NCT04683250 · Taiho Pharmaceutical Co., Ltd.
Study of RET Inhibitor TAS0953/HM06 in Patients with Advanced Solid Tumors with RET Gene Abnormalities
(MARGARET)
What this study is about
Phase 1 and 2 trial to study the safety, how the drug moves through the body, and effectiveness of TAS0953/HM06 in patients with advanced solid tumors with RET gene abnormalities. Phase 1 aims to determine the Maximum Tolerated Dose (MTD) and identify the Recommended Phase 2 Dose (RP2D) to be used in phase 2.
View original scientific description
Phase 1 and 2 trial to study the safety, pharmacokinetics, and efficacy of TAS0953/HM06 in patients with advanced solid tumors with RET gene abnormalities. Phase 1 aims to determine the Maximum Tolerated Dose (MTD) and identify the Recommended Phase 2 Dose (RP2D) to be used in phase 2.
Interventions
DRUG
TAS0953/HM06
Phase 1: oral, starting dose 20mg twice a day, until recommended phase 2 dose, continuous daily dosing, cycles lasting 21 days
DRUG
TAS0953/HM06
Phase 2: oral, recommended dose twice a day, continuous daily dosing, cycles lasting 21 days
Primary outcome measures
Phase 1 (dose-escalation): Maximum Tolerated Dose (MTD)

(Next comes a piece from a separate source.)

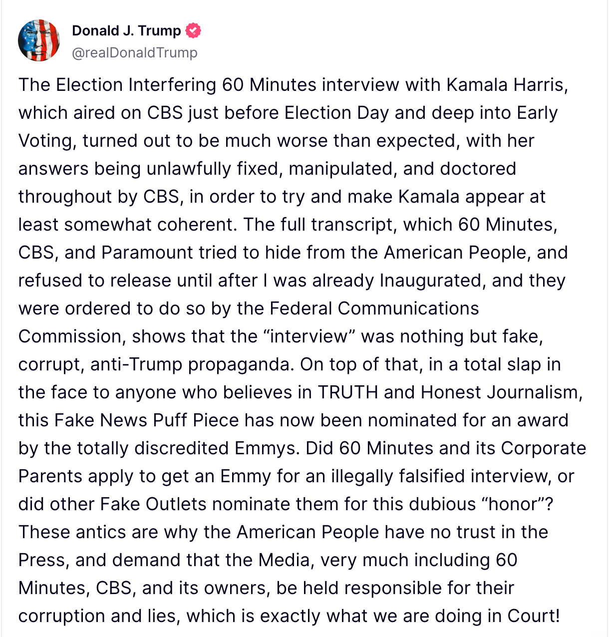 Trump claims the Harris interview was deceptively edited to downplay her confusion, calling it “election fraud” and a “true winner” of a case. Paramount is reportedly considering a settlement, with chairwoman Shari Redstone favoring resolution over a potentially damaging discovery phase.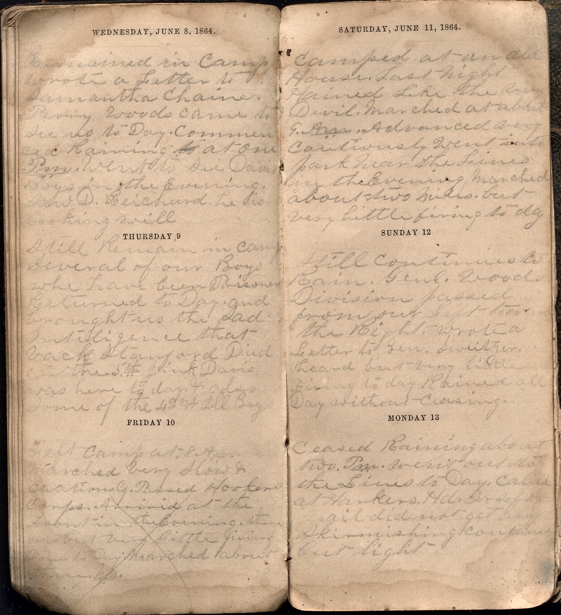 Saturday, June 11, 1864—Camped at an old house last night. Rained like the very devil. Marched at about 9 a.m. Advanced very cautiously. Went into park near the lines in the evening. Marched about two miles but very little firing today.

Time frame: At the end of Cycle 1 (each cycle is 21 days)
Incidence rate and category of dose limiting toxicities (DLTs)
Phase 1 (dose-expansion): Recommended Phase 2 dose (RP2D)
Time frame: At the end of Cycle 1 (each cycle is 21 days), and at the end of every subsequent cycle (each cycle is 21 days) for approximately 10 months (or earlier if patient discontinues the study)
Phase 2: Objective Response Rate (ORR) by independent central review
Time frame: Approximately every 6 weeks for 6 months, then every 9 weeks during treatment, 7 days after the last dose, and every 3 months after the last dose (up to an average of 2 years) in patients without progressive disease.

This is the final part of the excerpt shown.